▶ [Work required]:
Pictures stay out. Extract the lines below from the first one through the line with "A large red", both included.

▶ [Source material]:
--

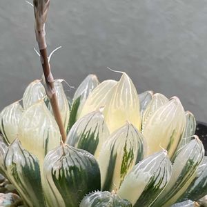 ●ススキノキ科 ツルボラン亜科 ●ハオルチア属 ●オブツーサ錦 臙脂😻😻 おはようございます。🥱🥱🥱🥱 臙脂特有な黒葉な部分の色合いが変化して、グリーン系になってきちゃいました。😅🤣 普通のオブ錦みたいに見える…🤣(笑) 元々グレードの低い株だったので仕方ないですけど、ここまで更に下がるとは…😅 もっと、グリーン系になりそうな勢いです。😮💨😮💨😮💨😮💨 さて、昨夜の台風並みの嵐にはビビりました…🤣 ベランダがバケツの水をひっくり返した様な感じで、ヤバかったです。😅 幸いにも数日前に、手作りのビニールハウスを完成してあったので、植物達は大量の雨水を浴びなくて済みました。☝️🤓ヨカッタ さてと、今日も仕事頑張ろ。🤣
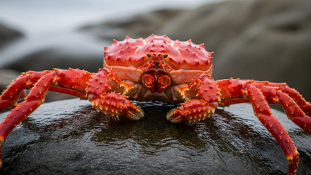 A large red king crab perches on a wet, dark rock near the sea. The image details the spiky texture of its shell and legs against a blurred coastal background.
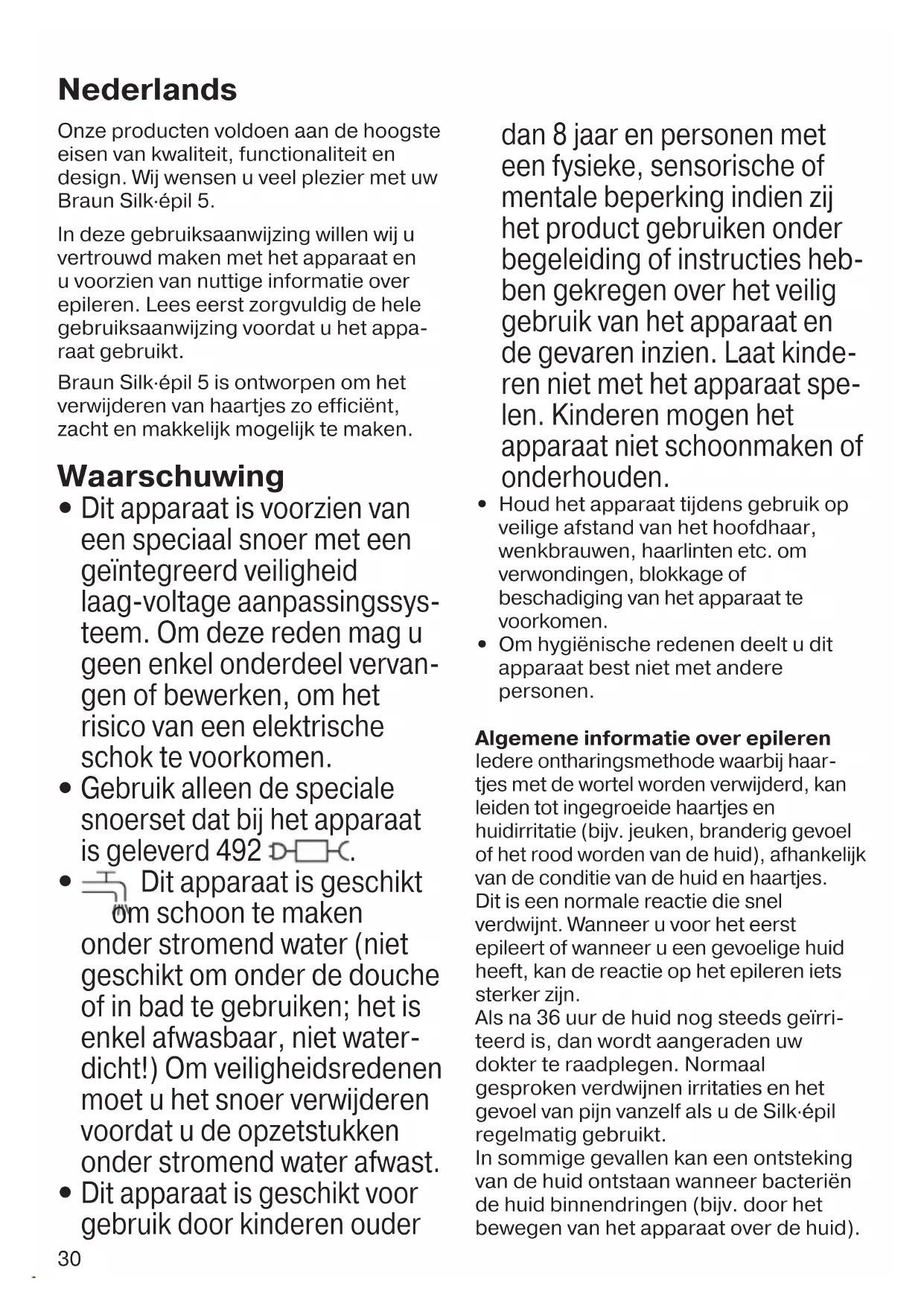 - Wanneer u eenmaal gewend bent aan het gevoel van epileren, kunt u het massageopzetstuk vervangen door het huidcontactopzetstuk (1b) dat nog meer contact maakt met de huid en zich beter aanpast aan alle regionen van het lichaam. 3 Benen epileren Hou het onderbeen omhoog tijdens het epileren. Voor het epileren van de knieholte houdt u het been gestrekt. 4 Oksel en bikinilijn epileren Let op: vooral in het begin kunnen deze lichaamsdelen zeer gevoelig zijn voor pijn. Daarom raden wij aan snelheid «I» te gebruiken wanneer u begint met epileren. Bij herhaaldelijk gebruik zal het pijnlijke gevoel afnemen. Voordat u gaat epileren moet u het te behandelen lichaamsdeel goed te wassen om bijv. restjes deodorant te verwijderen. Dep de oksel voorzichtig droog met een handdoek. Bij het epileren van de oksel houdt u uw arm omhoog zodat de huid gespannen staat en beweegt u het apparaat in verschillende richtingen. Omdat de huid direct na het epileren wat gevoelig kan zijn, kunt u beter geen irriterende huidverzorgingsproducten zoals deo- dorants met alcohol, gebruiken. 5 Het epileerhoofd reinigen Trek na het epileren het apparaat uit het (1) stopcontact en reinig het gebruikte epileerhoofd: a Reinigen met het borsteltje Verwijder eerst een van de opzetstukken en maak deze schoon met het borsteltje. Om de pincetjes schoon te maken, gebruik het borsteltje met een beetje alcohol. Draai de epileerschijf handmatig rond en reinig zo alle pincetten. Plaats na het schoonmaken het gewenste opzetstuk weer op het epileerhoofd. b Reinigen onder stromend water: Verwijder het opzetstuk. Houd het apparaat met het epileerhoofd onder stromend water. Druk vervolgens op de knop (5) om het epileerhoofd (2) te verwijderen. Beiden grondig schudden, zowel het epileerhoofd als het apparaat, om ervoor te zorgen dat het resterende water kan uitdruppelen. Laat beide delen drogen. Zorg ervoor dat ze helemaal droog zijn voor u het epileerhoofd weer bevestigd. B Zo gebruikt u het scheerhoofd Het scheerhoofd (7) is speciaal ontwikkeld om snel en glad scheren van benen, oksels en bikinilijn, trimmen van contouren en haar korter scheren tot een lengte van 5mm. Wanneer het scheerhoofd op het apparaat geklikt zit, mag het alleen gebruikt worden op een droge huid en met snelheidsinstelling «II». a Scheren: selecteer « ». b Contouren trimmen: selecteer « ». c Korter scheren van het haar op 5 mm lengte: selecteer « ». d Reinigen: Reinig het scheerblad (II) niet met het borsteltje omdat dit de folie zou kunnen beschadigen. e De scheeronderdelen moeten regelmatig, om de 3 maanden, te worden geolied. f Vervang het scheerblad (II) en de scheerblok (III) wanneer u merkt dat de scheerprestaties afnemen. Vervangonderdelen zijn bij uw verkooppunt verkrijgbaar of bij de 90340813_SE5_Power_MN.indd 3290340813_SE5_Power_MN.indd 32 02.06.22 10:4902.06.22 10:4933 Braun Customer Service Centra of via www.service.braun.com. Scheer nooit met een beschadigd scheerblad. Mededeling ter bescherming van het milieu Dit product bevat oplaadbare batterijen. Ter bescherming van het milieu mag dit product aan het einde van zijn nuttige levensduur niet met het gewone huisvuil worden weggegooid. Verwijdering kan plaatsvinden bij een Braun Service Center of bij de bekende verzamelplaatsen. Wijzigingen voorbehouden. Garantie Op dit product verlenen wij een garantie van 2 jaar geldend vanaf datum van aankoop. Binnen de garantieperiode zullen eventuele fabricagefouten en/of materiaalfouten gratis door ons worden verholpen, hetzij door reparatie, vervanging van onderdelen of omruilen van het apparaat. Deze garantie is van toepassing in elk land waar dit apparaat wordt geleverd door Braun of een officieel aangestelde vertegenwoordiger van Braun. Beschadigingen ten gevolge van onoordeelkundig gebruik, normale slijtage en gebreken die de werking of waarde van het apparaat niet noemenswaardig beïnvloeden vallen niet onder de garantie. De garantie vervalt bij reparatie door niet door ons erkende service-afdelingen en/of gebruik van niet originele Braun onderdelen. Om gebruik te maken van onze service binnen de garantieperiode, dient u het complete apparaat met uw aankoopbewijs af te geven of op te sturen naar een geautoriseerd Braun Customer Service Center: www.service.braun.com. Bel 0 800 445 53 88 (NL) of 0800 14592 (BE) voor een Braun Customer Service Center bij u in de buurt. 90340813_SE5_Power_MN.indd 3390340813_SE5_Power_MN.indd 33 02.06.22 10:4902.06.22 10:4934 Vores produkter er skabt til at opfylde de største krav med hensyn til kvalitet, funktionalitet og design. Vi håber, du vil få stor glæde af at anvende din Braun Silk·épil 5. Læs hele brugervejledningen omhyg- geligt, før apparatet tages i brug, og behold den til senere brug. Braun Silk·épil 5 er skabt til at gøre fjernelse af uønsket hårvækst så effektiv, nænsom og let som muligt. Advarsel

--

▶ [Answer box]:
 ●ススキノキ科 ツルボラン亜科 ●ハオルチア属 ●オブツーサ錦 臙脂😻😻 おはようございます。🥱🥱🥱🥱 臙脂特有な黒葉な部分の色合いが変化して、グリーン系になってきちゃいました。😅🤣 普通のオブ錦みたいに見える…🤣(笑) 元々グレードの低い株だったので仕方ないですけど、ここまで更に下がるとは…😅 もっと、グリーン系になりそうな勢いです。😮💨😮💨😮💨😮💨 さて、昨夜の台風並みの嵐にはビビりました…🤣 ベランダがバケツの水をひっくり返した様な感じで、ヤバかったです。😅 幸いにも数日前に、手作りのビニールハウスを完成してあったので、植物達は大量の雨水を浴びなくて済みました。☝️🤓ヨカッタ さてと、今日も仕事頑張ろ。🤣
 A large red king crab perches on a wet, dark rock near the sea. The image details the spiky texture of its shell and legs against a blurred coastal background.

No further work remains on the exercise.